The Protestant movement has its origins in present-day Germany and is popularly considered to have begun in 1517
when Luther published The Ninety-Five Theses as a reaction against perceived abuses in the sale of indulgences, which
offered remission of sin to purchasers. Although there were unsuccessful attempts to reform the Roman Catholic Church
long before Martin Luthernotably these of Peter Waldo, Arnold of Brescia, John Wycliffe and Jan Hus-it was Luther who
finally succeeded in sparking a wider movement. The various Protestant denominations share a rejection of the universal
authority of the Pope and generally deny the Roman Catholic doctrine of transubstantiation, although they disagree
among themselves about the doctrine of Christs presence in the Eucharist. They generally emphasize the priesthood of
all believers, the doctrine of justification by faith alone (sola fide) apart from good works, and a belief in the Bible alone
(rather than with Roman Catholic tradition) as the supreme authority in matters of faith and morals (sola scriptura).
(ii) Rise of Islam in Arab
Ans. A real Islamization only came about in the subsequent centuries. The year 622CE is used by Muslims as the start
of their chronology and it marks the migration (Hijra in Arabic) of the Prophet Muhammad and his followers from Mecca
to Medina. Muhammad had been preaching in Mecca for about thirteen years but the Meccans were not responsive to his
teaching. In contrast, the inhabitants of Medina welcome him and the town became the centre of the Muslim faith and
community. Muhammad was not only a religious leader but also a temporal leader and he soon became involved in
warfare with the pagan rulers of Mecca. The Muslims won and abolished the Mecca idols while keeping the city as well
as the old shrine, Kaaba, as centre of Islamic worship. (It is an interesting coincidence that in the Christian world pagan
temples were converted to churches.) By the time of Muhammads death (632CE) the Muslims had conquered the rest of
the Arabian peninsula.
The history of Islam has several parallels with the history of Judaism where Moses was both a prophet and the leader
of his people, even though Moses did not live long enough to enter the promised land. Like Moses, Muhammad made no
claim to divinity and he had a wife. In contrast, Christians believe that Jesus was divine and he never held temporal
authority. The divinity of Jesus and the related dogma of Trinity has been at the root of the many schisms in Christianity.
Islam is also similar to Judaism in two other respects. It requires circumcision of the male followers and it imposes dietary
restrictions that include the prohibition of eating pork.

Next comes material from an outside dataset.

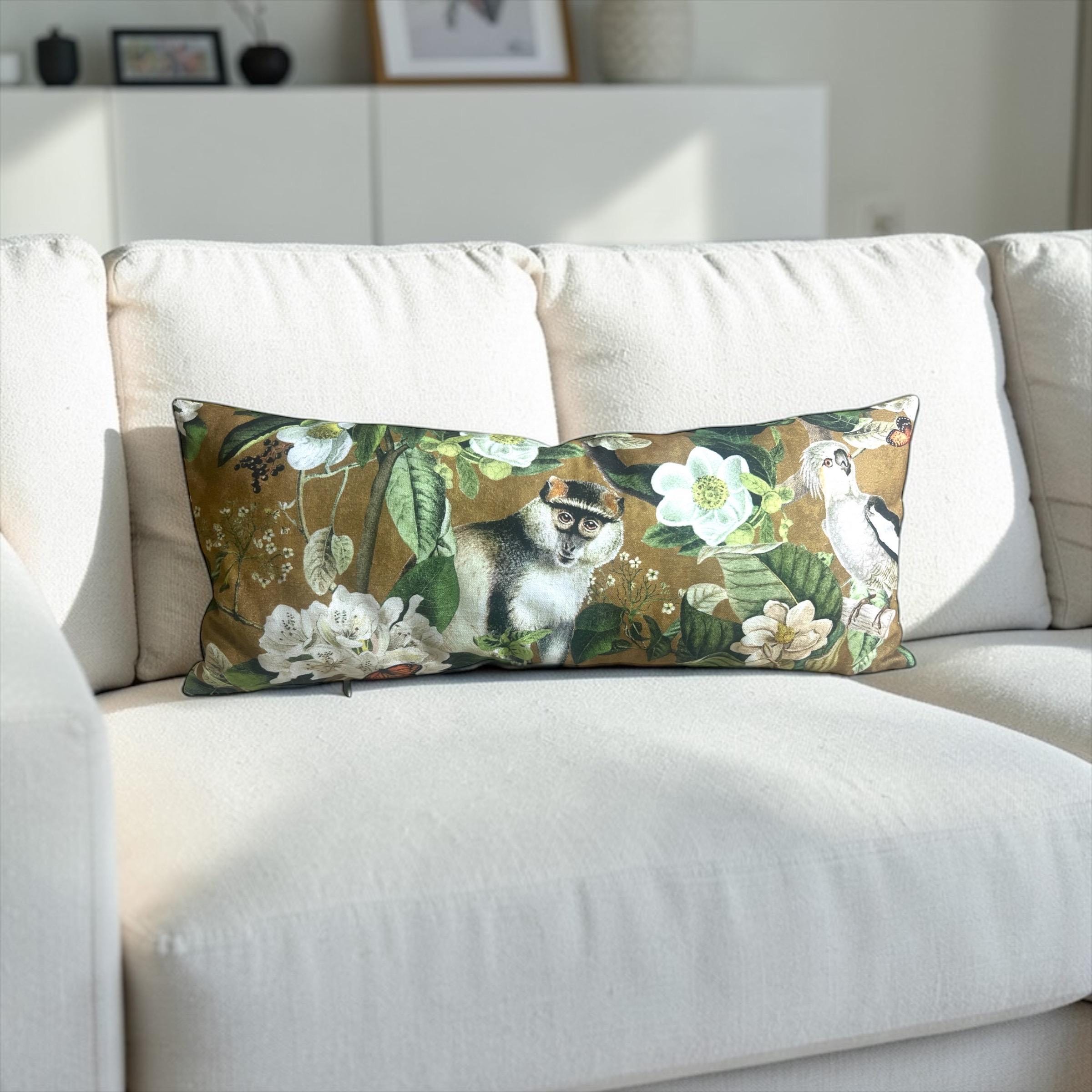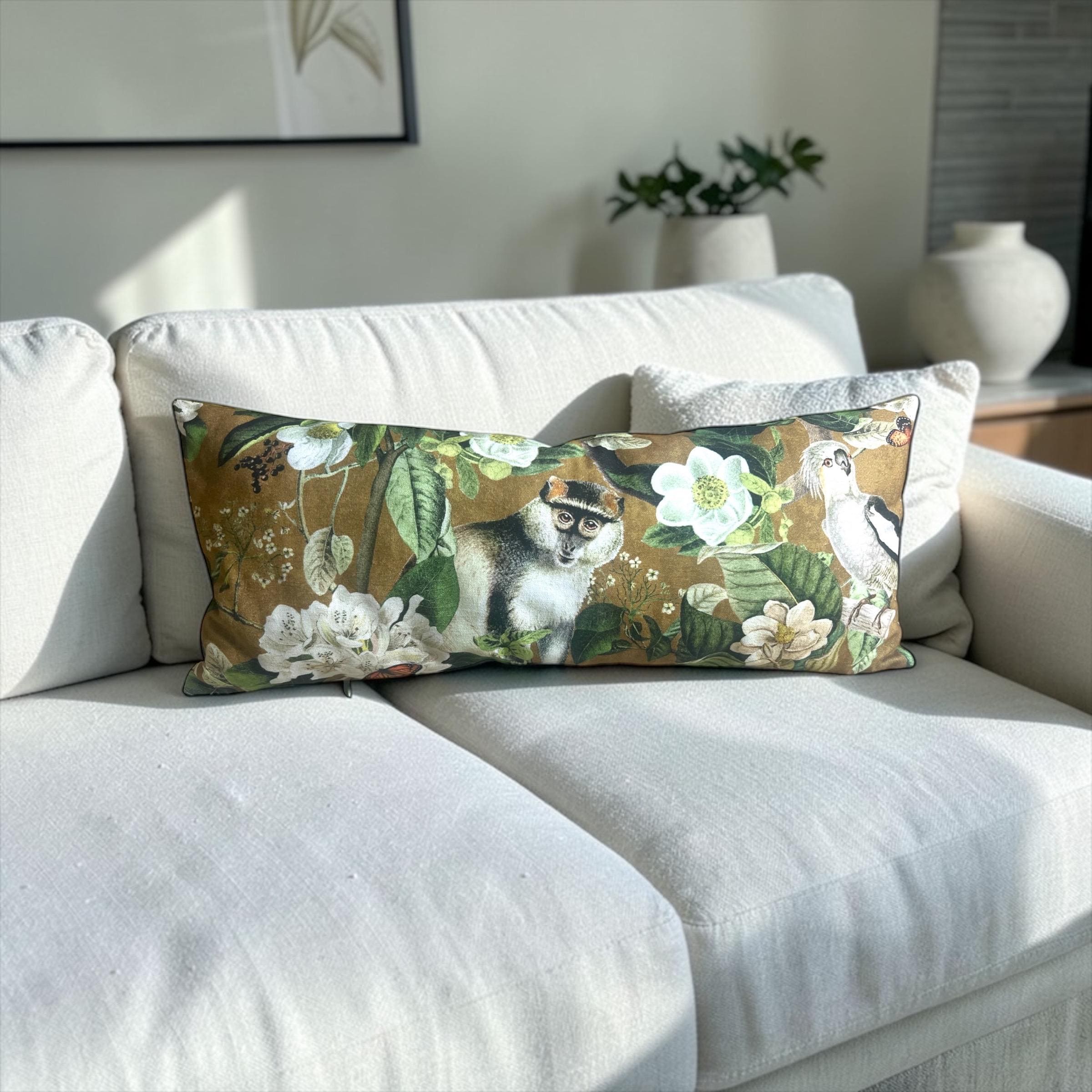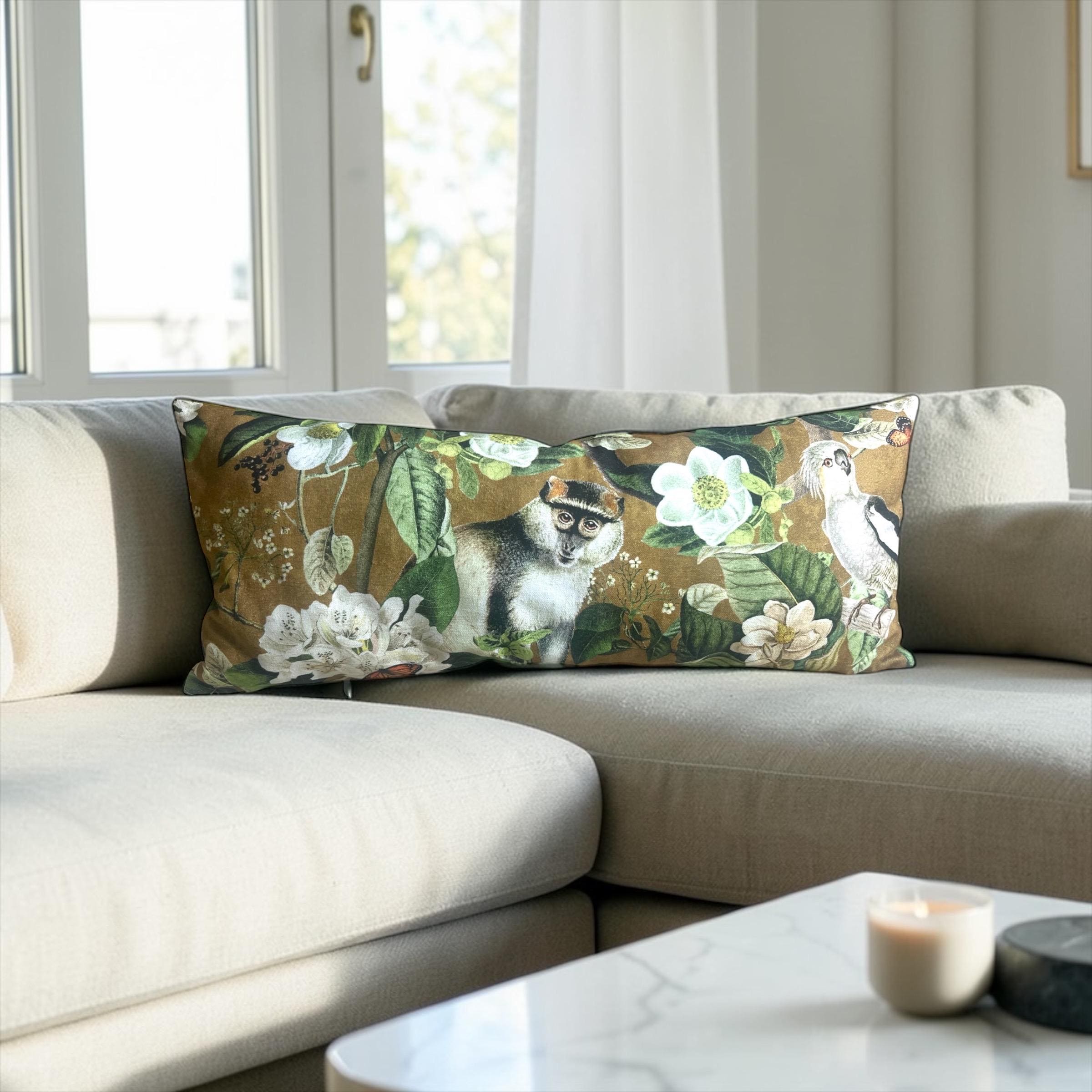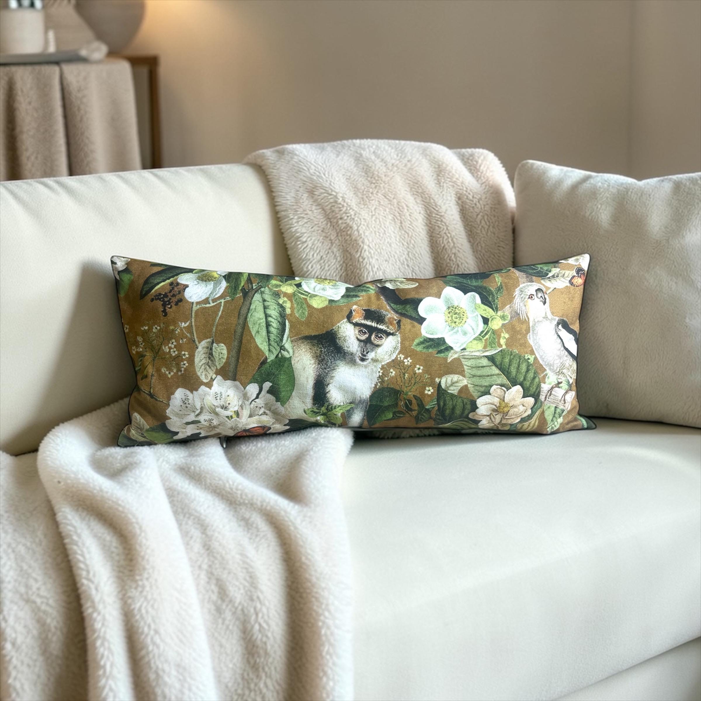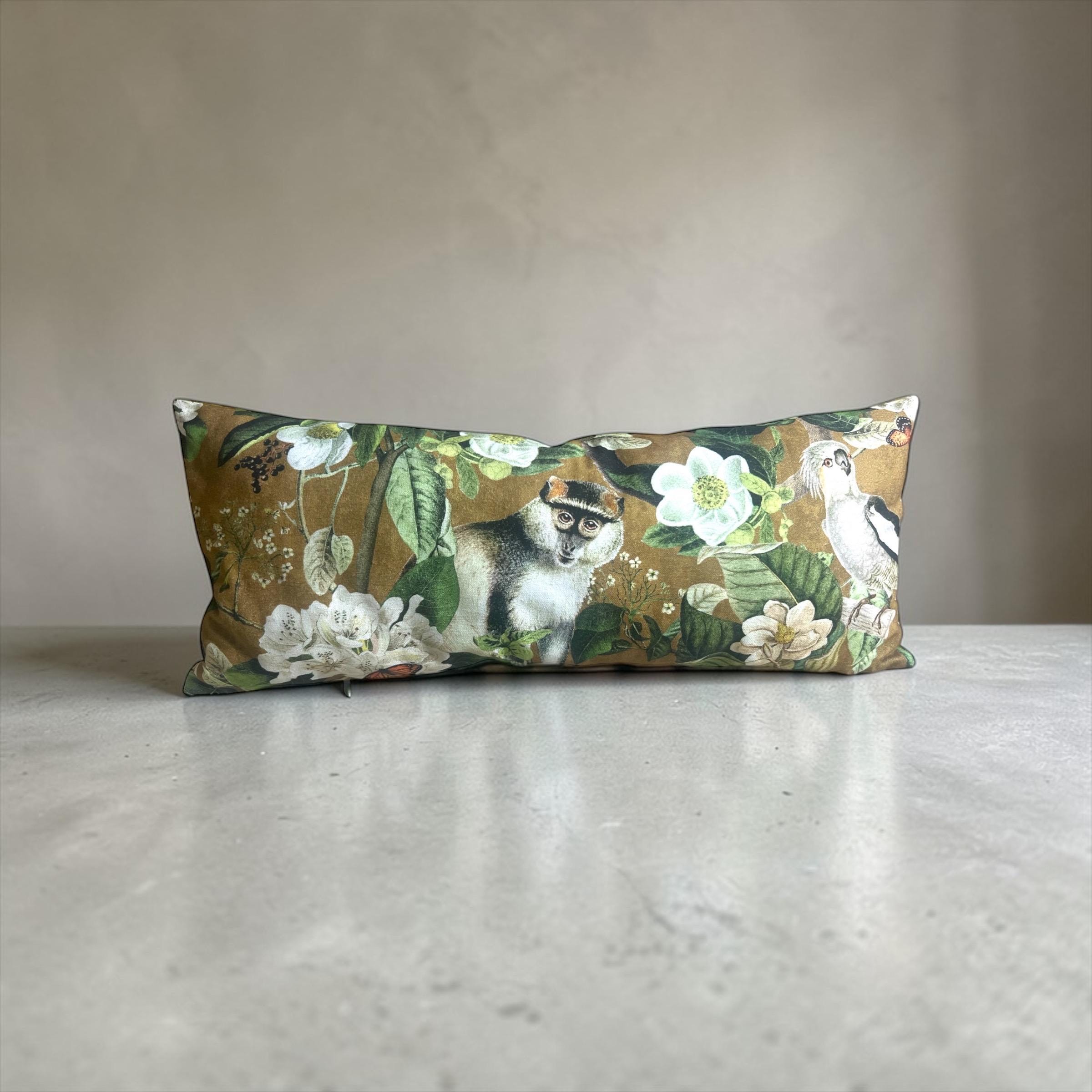 Luxury Lemur Jungle Velvet Lumbar Pillow Cover: Exotic Botanical Decor

While theological issues are beyond the scope of this writing we
cannot help but observed that Islam and Judaism are much closer to each other than either of them is to Christianity. There
are two questions about Islam that we need to answer. First, why it was successful in the Arabian peninsula and second,
why it spread so quickly after its founding.
About two-thirds of the Muslim world today is Sunni, and one-third Shiite. The Muslim religion was originally
supposed to be for the Arabs only. And the Arabs do basically control it. The Sharif (Governor) of Mecca, for instance, is
from the Hashemite family. Nevertheless, most Muslims in the world are not Arabs.